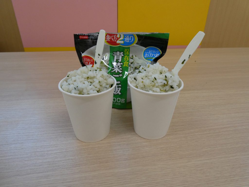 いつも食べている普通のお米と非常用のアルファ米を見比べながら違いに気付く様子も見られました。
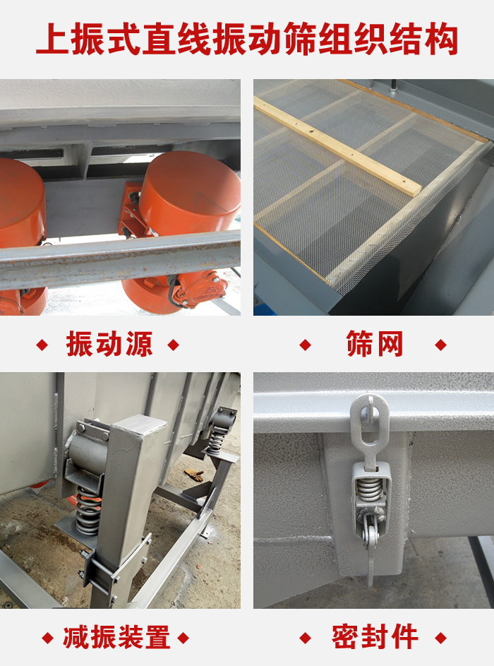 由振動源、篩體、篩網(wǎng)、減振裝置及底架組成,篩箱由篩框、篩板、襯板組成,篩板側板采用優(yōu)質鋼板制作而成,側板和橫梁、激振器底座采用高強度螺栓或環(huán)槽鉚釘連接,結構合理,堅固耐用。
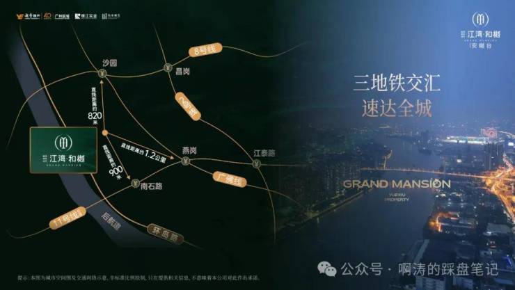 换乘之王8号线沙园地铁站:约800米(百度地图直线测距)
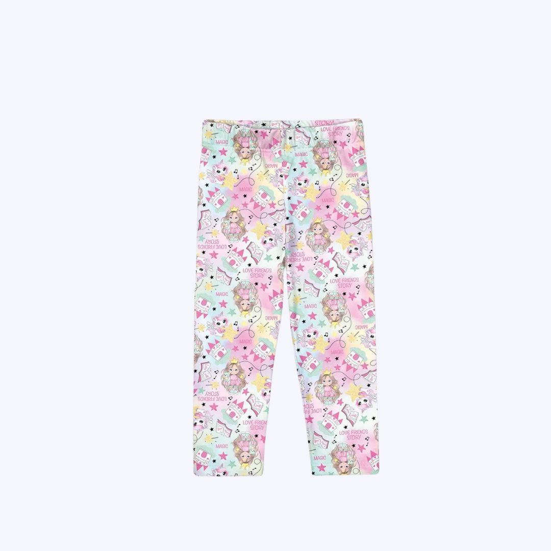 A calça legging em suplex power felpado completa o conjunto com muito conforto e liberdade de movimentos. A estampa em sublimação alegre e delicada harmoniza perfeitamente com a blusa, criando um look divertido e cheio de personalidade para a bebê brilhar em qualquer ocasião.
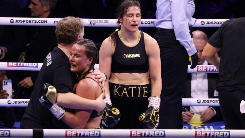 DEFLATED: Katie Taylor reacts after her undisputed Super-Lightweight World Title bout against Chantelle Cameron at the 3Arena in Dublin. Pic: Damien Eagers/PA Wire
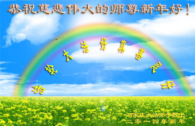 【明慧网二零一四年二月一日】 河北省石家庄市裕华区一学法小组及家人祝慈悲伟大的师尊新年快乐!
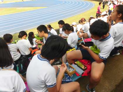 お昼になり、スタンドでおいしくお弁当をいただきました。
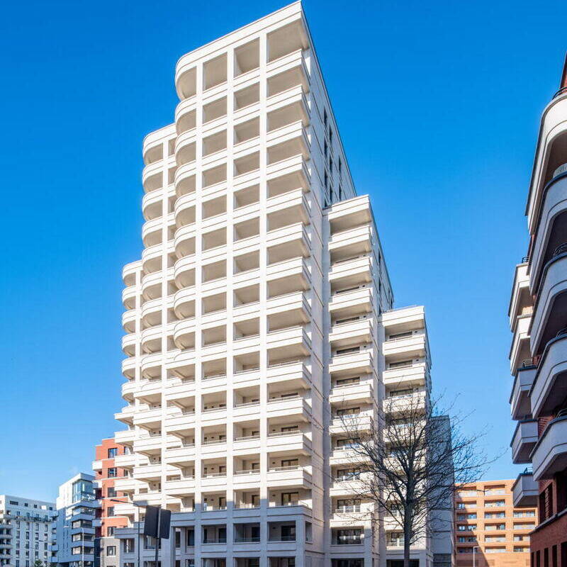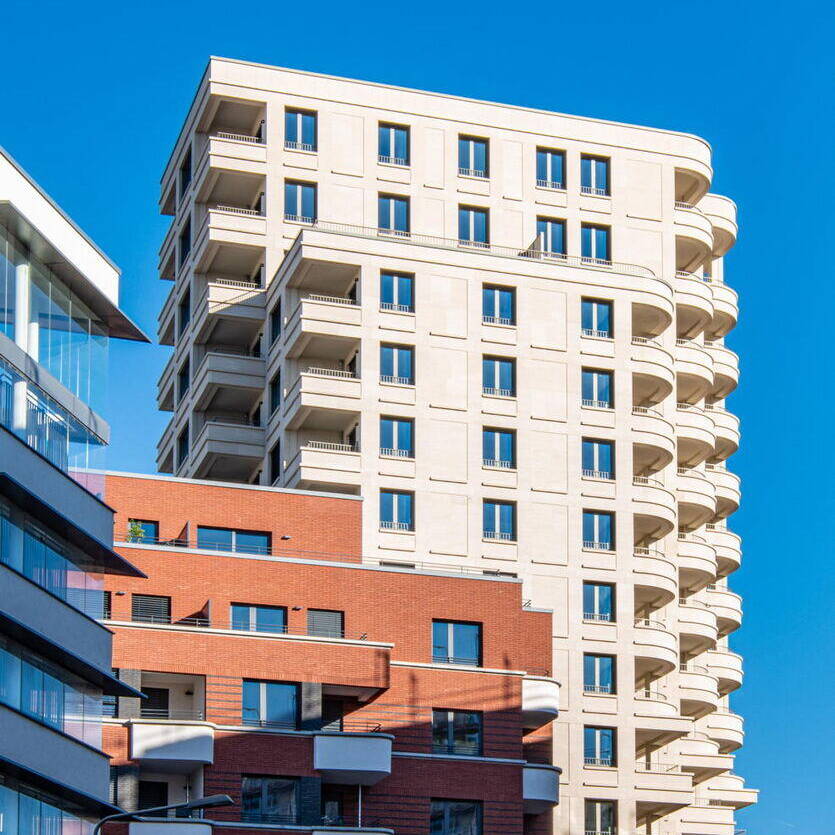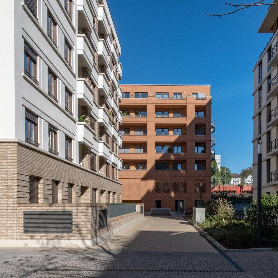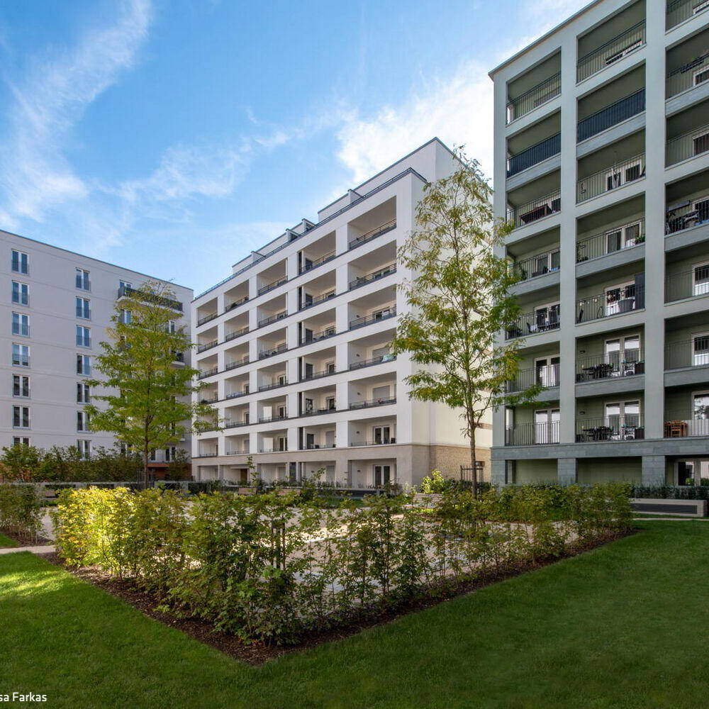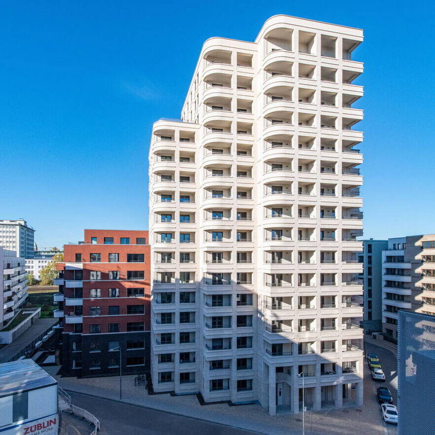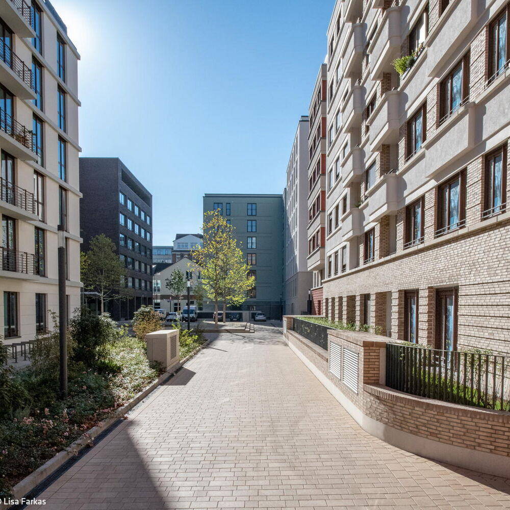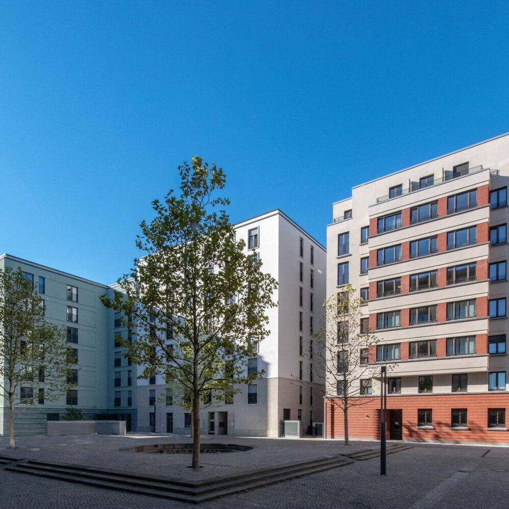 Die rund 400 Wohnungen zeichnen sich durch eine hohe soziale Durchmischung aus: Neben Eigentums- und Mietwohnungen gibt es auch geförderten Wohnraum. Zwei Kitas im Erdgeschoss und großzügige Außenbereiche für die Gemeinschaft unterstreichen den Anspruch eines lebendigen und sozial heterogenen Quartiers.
○ ○ ○ ○ ○ ○ ○
* _WHAT TO DO_
What you return must match the lines above from the one with "由振動源、篩體、篩網(wǎn" through the one with "换乘之王8号线沙园地铁站:约800米(百度地图直线测距)" exactly, with both ends included and the pictures excluded.

* _RESULT_
 由振動源、篩體、篩網(wǎng)、減振裝置及底架組成,篩箱由篩框、篩板、襯板組成,篩板側板采用優(yōu)質鋼板制作而成,側板和橫梁、激振器底座采用高強度螺栓或環(huán)槽鉚釘連接,結構合理,堅固耐用。
 换乘之王8号线沙园地铁站:约800米(百度地图直线测距)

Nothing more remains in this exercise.